> Requirement: Among the entries below, only the lines from the one with "INGREDIENTS: Seaweed (Organic), Avocado" through the one with "朝の図書館にはたくさんの子どもたちが本を借りにきていました。" are wanted, reproduced exactly. Pictures are not wanted.

> Records supplied:
*** Begin section ***
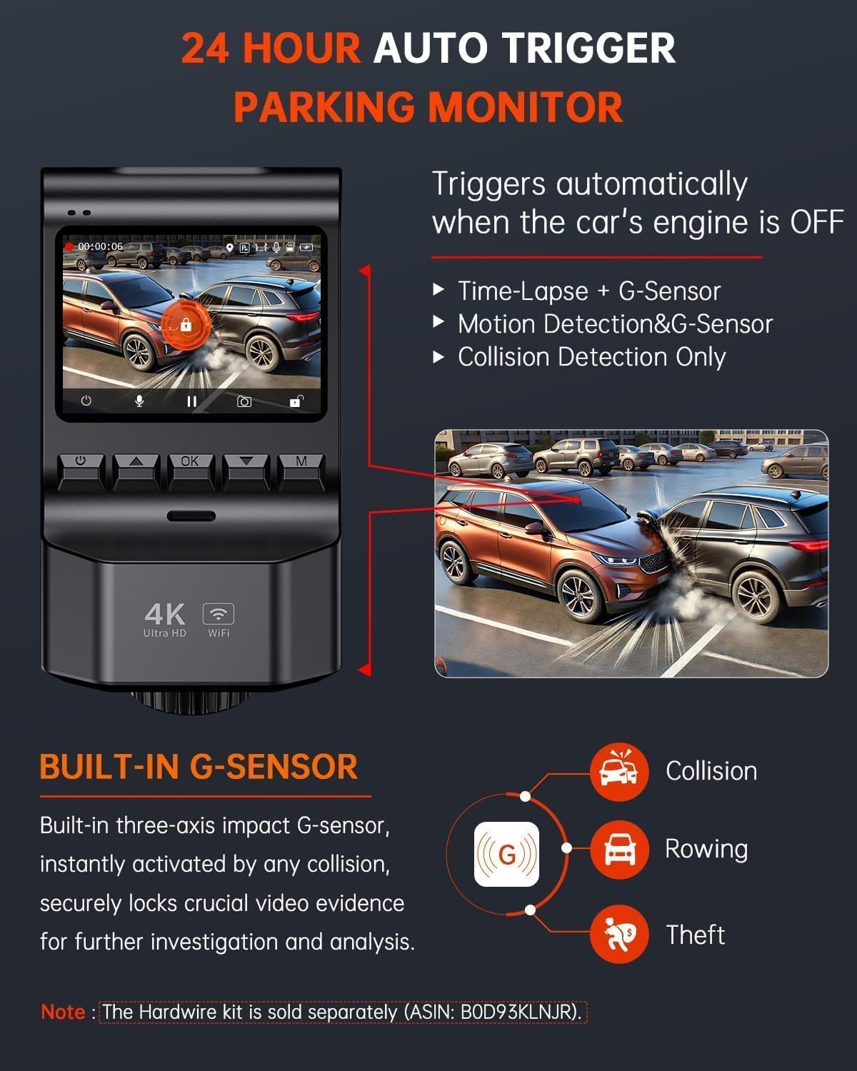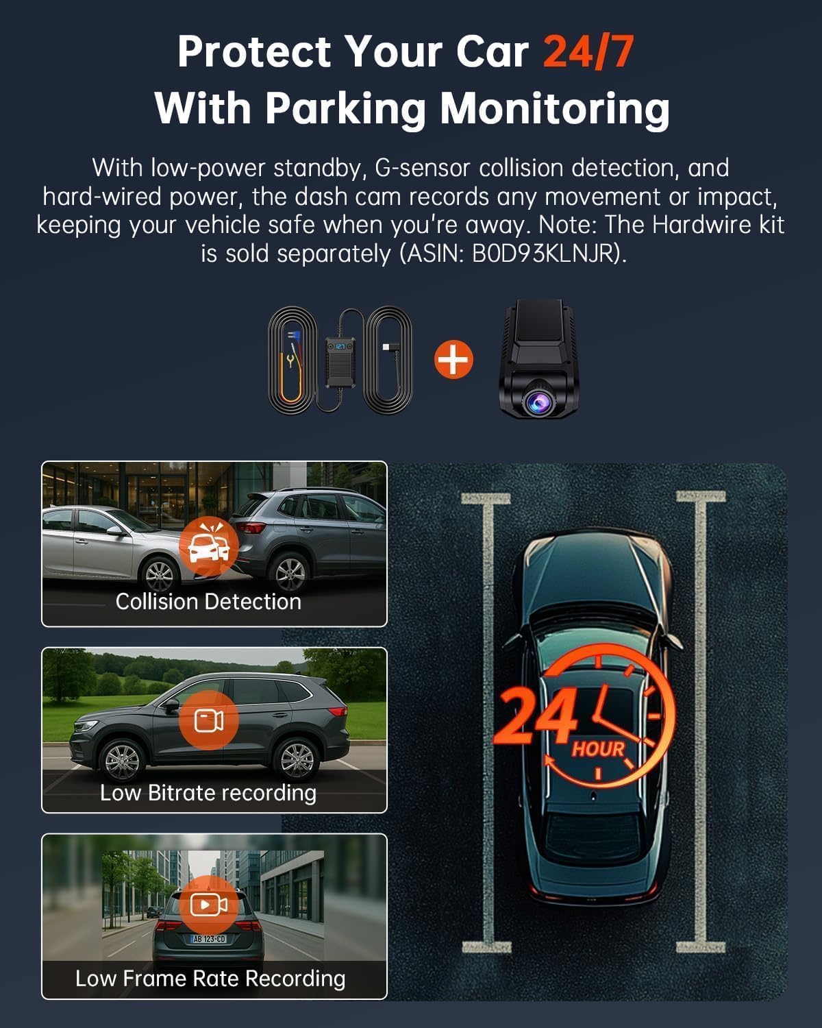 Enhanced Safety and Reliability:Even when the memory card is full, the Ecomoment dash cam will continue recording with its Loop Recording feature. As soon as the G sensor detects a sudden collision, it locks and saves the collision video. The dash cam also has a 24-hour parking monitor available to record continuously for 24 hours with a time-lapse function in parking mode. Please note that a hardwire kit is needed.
*** End section ***
*** Begin section ***
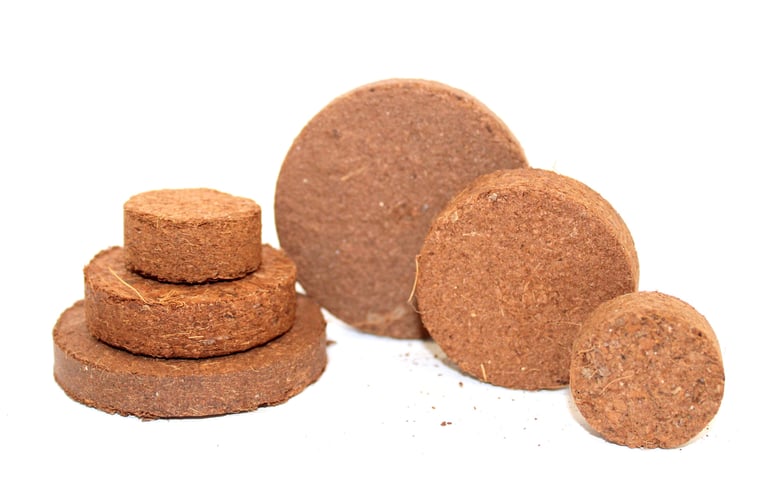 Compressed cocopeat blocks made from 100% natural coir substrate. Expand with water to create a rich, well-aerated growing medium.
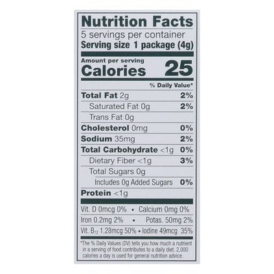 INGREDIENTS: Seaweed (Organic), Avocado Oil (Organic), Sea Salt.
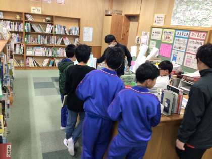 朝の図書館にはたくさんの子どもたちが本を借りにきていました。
*** End section ***
> Response to the task:
 INGREDIENTS: Seaweed (Organic), Avocado Oil (Organic), Sea Salt.
 朝の図書館にはたくさんの子どもたちが本を借りにきていました。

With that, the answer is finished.